Mastering ETCD Backup and Restore in Kubernetes#

ETCD is the backbone of Kubernetes, storing all cluster data. Understanding how to backup and restore ETCD is crucial for any Kubernetes administrator. In this guide, we’ll walk through the process of backing up ETCD and restoring it in case of a disaster.

Prerequisites#

A running Kubernetes cluster (preferably set up with kubeadm)
SSH access to the control plane node
kubectl and etcdctl installed on the control plane node

Step 1: Cluster Health Check#

First, let’s ensure our cluster is healthy:

1
kubectl get nodes

All nodes should be in the “Ready” state.

Step 2: Identify ETCD Version#

To find the ETCD version:

1
kubectl describe pod etcd-controlplane -n kube-system | grep Image:

Note the version for compatibility purposes.

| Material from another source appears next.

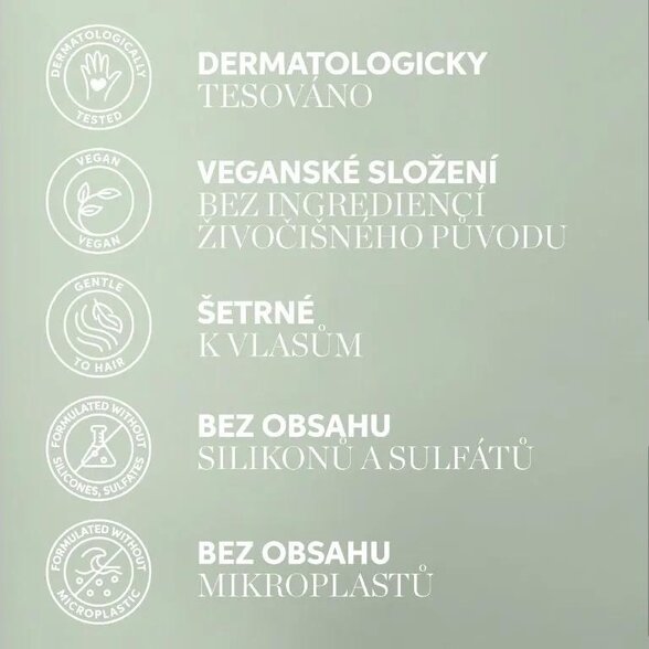 - Veganské složení obsahuje až 92% látek přírodního původu a neobsahuje silikony, sulfáty ani parabeny

Step 3: Create a Sample Deployment#

Let’s create a deployment to demonstrate the backup and restore process:

1
kubectl create deployment nginx --image=nginx --replicas=2

Verify the deployment:

1
kubectl get deployments

Step 4: Identify ETCD Endpoint and Certificates#

We need to locate the ETCD endpoint, server certificates, and CA certificates. These are typically found in the ETCD pod manifest:

1
sudo cat /etc/kubernetes/manifests/etcd.yaml

Look for:

--listen-client-urls for the endpoint
--cert-file for the server certificate
--trusted-ca-file for the CA certificate

Step 5: Set ETCDCTL API Version#

Set the ETCDCTL API version:

1
export ETCDCTL_API=3

Step 6: Take ETCD Snapshot#

Now, let’s take a snapshot of ETCD:

1
sudo ETCDCTL_API=3 etcdctl snapshot save /opt/etcd-snapshot.db \
2
  --endpoints=https://127.0.0.1:2379 \
3
  --cacert=/etc/kubernetes/pki/etcd/ca.crt \
4
  --cert=/etc/kubernetes/pki/etcd/server.crt \
5
  --key=/etc/kubernetes/pki/etcd/server.key

Verify the snapshot:

1
sudo ETCDCTL_API=3 etcdctl snapshot status /opt/etcd-snapshot.db

Step 7: Simulate Disaster#

Let’s delete our nginx deployment to simulate a disaster:

1
kubectl delete deployment nginx

Verify that the deployment is gone:

1
kubectl get deployments

Step 8: Restore ETCD from Backup#

Now, let’s restore ETCD from our backup:

Stop the kubelet service:
Terminal window
```
1
sudo systemctl stop kubelet
```
Stop the container runtime (e.g., containerd):
Terminal window
```
1
sudo systemctl stop containerd
```

Restore the snapshot:

1
sudo ETCDCTL_API=3 etcdctl snapshot restore /opt/etcd-snapshot.db \
2
  --data-dir /var/lib/etcd-from-backup

Update the ETCD pod manifest to use the new data directory:

1
sudo sed -i 's/path: \/var\/lib\/etcd/path: \/var\/lib\/etcd-from-backup/g' /etc/kubernetes/manifests/etcd.yaml

Restart the kubelet and container runtime:

1
sudo systemctl start containerd
2
sudo systemctl start kubelet

Step 9: Verify Restoration#

After a few minutes, check if the nginx deployment is back:

1
kubectl get deployments

You should see the nginx deployment with 2 replicas, just as it was before we deleted it.

Key Takeaways#

Regular Backups: Implement a regular backup schedule for ETCD. The frequency depends on your recovery point objective (RPO).
Version Compatibility: Ensure that the etcdctl version matches your ETCD version for compatibility.
Secure Your Backups: ETCD backups contain sensitive cluster data. Ensure they are stored securely and encrypted.
Test Your Backups: Regularly test the restore process to ensure your backups are valid and your team is familiar with the procedure.
Document the Process: Keep detailed documentation of your backup and restore process, including the location of certificates and endpoints.
Cluster-Specific Details: Be aware that certificate paths and endpoints may vary depending on your cluster setup.
Minimize Downtime: Practice the restore process to minimize downtime during a real disaster recovery scenario.
Backup Metadata: Along with ETCD data, backup important metadata like the ETCD version and cluster configuration.

Conclusion#

Mastering ETCD backup and restore is crucial for maintaining a resilient Kubernetes cluster. By following this guide, you’ve learned how to take snapshots of your ETCD data and restore your cluster to a previous state. Remember, regular practice and documentation of this process are key to ensuring you can quickly recover from potential disasters.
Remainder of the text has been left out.